Sent from my iPhone using Tapatalk


----------



## Mitch82 (Oct 15, 2018)

HeyNow... said:


> Oh nice find - $20 to kill that stop/start feature seems well worth the price!!
> 
> 
> Sent from my iPhone using Tapatalk



A trick reported from boygirlca on this forum using VCDS :

*1. Disable the Auto Start/Stop system (Voltage Method):*
1). On Select Control Module screen, click "Select"
2). Select “19-CAN. Gateway”
3). Select “Adaptation - 10”, click “Channel” list
4). Scroll down channel list and find the below 1 channel:
IDE08348-Start/stop start voltage limit 
( change “Stored value” {7.6v} to -> “New value” {12.0v}, then click “Do it!” )


So no need to pay if you know where to navigate and change the correct value.
Also, doing this, you can't re-enable the feature. It's a change of the parameters to allow or discard shutting off the engine.


A device can be installed in order to memorize your last setting, and pressing for you on the button (of course, it's just changing its state by applying an electronic signal) when you start your car.


----------



## Hfqkhal (Oct 14, 2018)

Mitch82 said:


> A trick reported from boygirlca on this forum using VCDS :
> 
> *1. Disable the Auto Start/Stop system (Voltage Method):*
> 1).
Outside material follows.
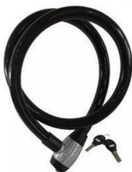
Figura 6 – Imagem meramente ilustrativa do cadeado de trava de cabo de aço

3.1.27.1 Cadeado de trava de cabo de aço: Junto a bicicleta deverá ser entregue um cadeado de trava confeccionado em aço recoberto com borracha ou silicone, com cadeado, com no mínimo 8mm de diâmetro, duas chaves de proteção e com cabo de aço de no mínimo 120cm de comprimento para coibir o furto da bicicleta e do selim.

On Select Control Module screen, click "Select"
> ...


Are you saying that once you disable them it is permanently disabled and going back to change the value to 7.6V will not re-enable the auto stop/start?


Sent from my iPhone using Tapatalk


----------



## HeyNow... (Aug 2, 2018)

VCDS looks to be about $100

Carista is about $20 for the hardware which comes with 1 month free

Wouldn’t it be possible to sign up and make the changes within the 1 month free period?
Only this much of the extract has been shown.